*** Block opens ***

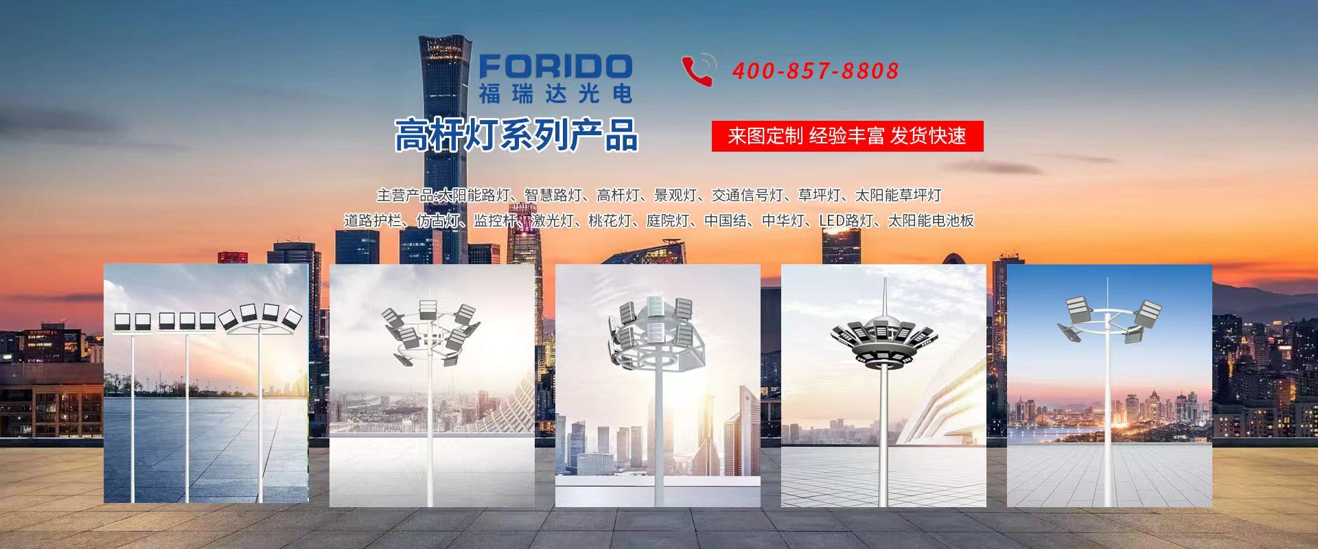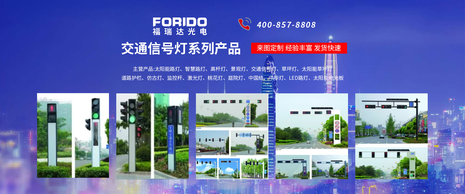 揚州福瑞達光電科技有限公司位于淮左名都歷史文化名城、中國路燈制造基地揚州市北郊菱塘工業園,公司占地面積76000平方米,注冊資金10518萬元,擁有高級技術嫻熟的員工280多人,擁有大型折彎機、激光切割、數控注塑機、壓鑄機、自動埋弧焊、氣焊、彩色粉末靜電噴塑等大型自動化設備,我公司是一家集設計、研發、生產、銷售、施工安裝服務為一體的戶外交通照明產品制造商,主要生產智慧路燈、太陽能路燈、LED路燈、高桿燈、景觀燈、交通信號燈、交通標志牌、通信鐵塔、路跨鋼結構、公交站臺、太陽能光伏組件、景點亮化、樓宇亮化工程的設計施工等。公司秉承開拓創新、銳意進取、精誠服務的企業精神,堅持以“誠信為本、技術為先、服務是金”的合作理念,我們憑借先進的制造工藝、優質的產品質量、合理的市場價格和完善的售后服務贏得了廣闊的市場和客戶的信賴?! ∥夜疽淹ㄟ^ISO9001質量體系認證、ISO14001環境管理體認證,CQC產品認證,中國節能產品認證,通過“CCC”強制性產品認證,具有市政總承包,照明,交安,設計等資質···
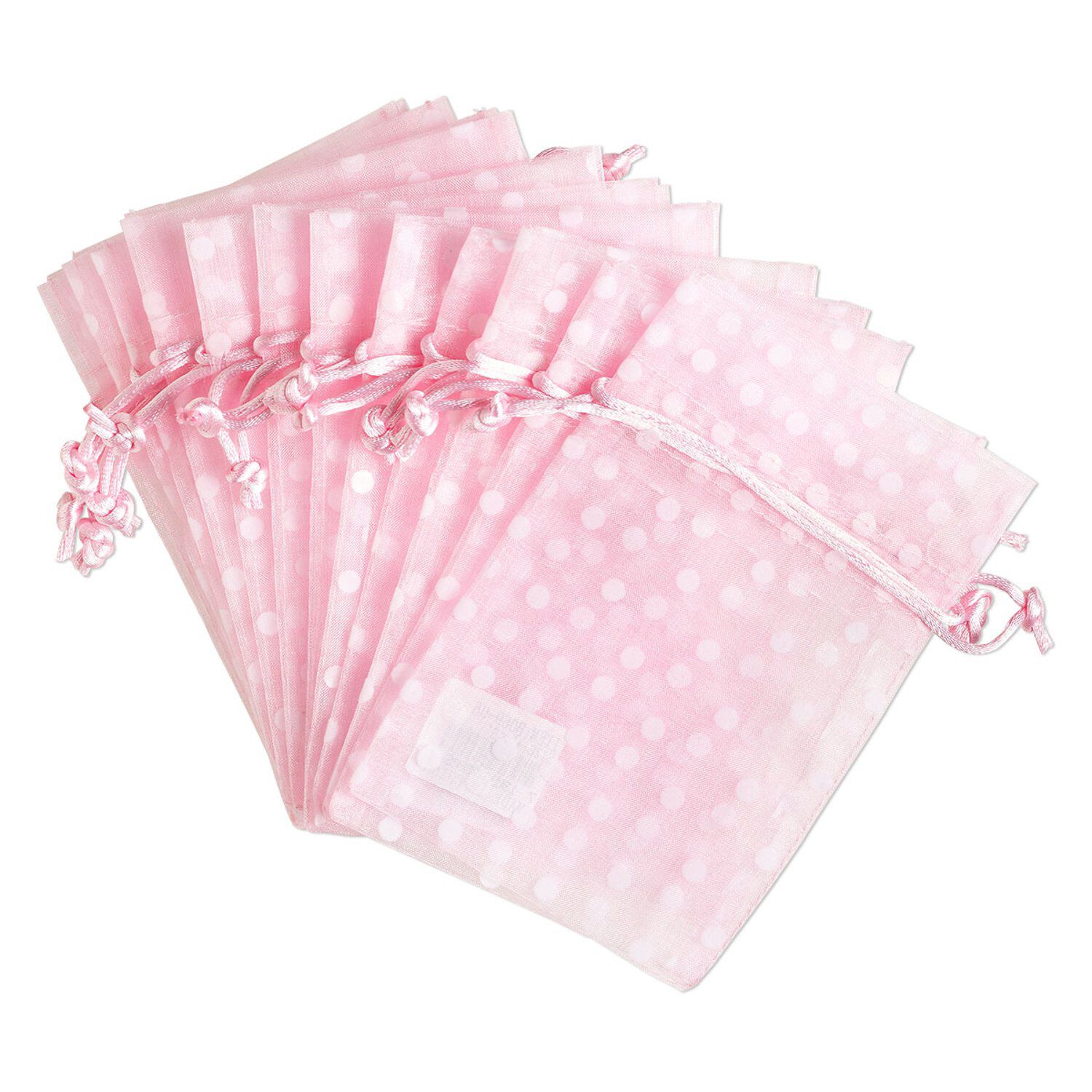 Pouch, flocked organza, pink and white, 6x4 inches with dots pattern and drawstring closure. Sold per pkg of 12.
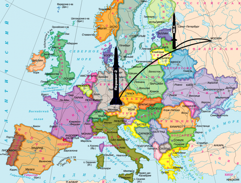 И всё было бы хорошо, если бы не стало ещё хуже. Дистанции до Москвы ещё больше сократились — подлётное время ракет SM-3 мобильной системы ПРО ещё меньше, чем у "перехватчиков" GBI. "Противоракета" SM-3 — это мини-«Першинг-2» у самых границ России. Если ракета «Першинг-2» из Западной Германии должна была пролететь почти 1.800 км, то расстояние от Москвы до Чёрного моря чуть более 1.000 км. Балтийское море ещё ближе — 700-800 км. До стран Прибалтики — менее 600 км — в 3 раза меньше, чем до Западной Германии.
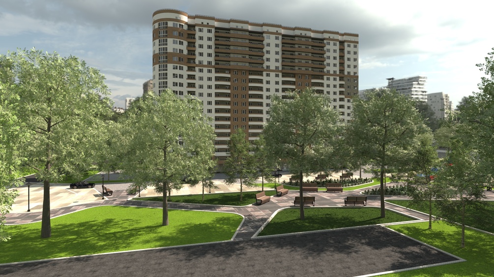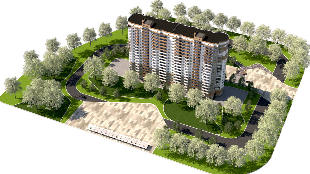 This complete scene includes the apartment building, surrounding landscape, parking, and common areas, making it a perfect, ready-to-render asset for professional presentation.
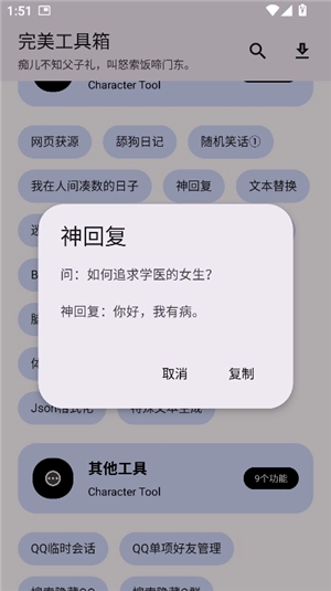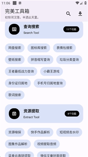 完美工具箱是一款资源丰富的实用小工具合集软件,它具备短视频解析、资源嗅探、音乐搜索、网盘搜索、小霸王等众多特色功能,此外还包含指南针、水平仪、量角器、刻度尺等十几种生活常用小工具,日常遇到问题时都能在这里找到合适的工具来解决,不愧是名副其实的完美工具箱。

*** Block closes ***

- _What the task asks_:
Starting with the line that holds "This complete scene", transcribe exactly each line through the last one of the material above, and nothing else. Do not include pictures.

- _Expected answer_:
 This complete scene includes the apartment building, surrounding landscape, parking, and common areas, making it a perfect, ready-to-render asset for professional presentation.
 完美工具箱是一款资源丰富的实用小工具合集软件,它具备短视频解析、资源嗅探、音乐搜索、网盘搜索、小霸王等众多特色功能,此外还包含指南针、水平仪、量角器、刻度尺等十几种生活常用小工具,日常遇到问题时都能在这里找到合适的工具来解决,不愧是名副其实的完美工具箱。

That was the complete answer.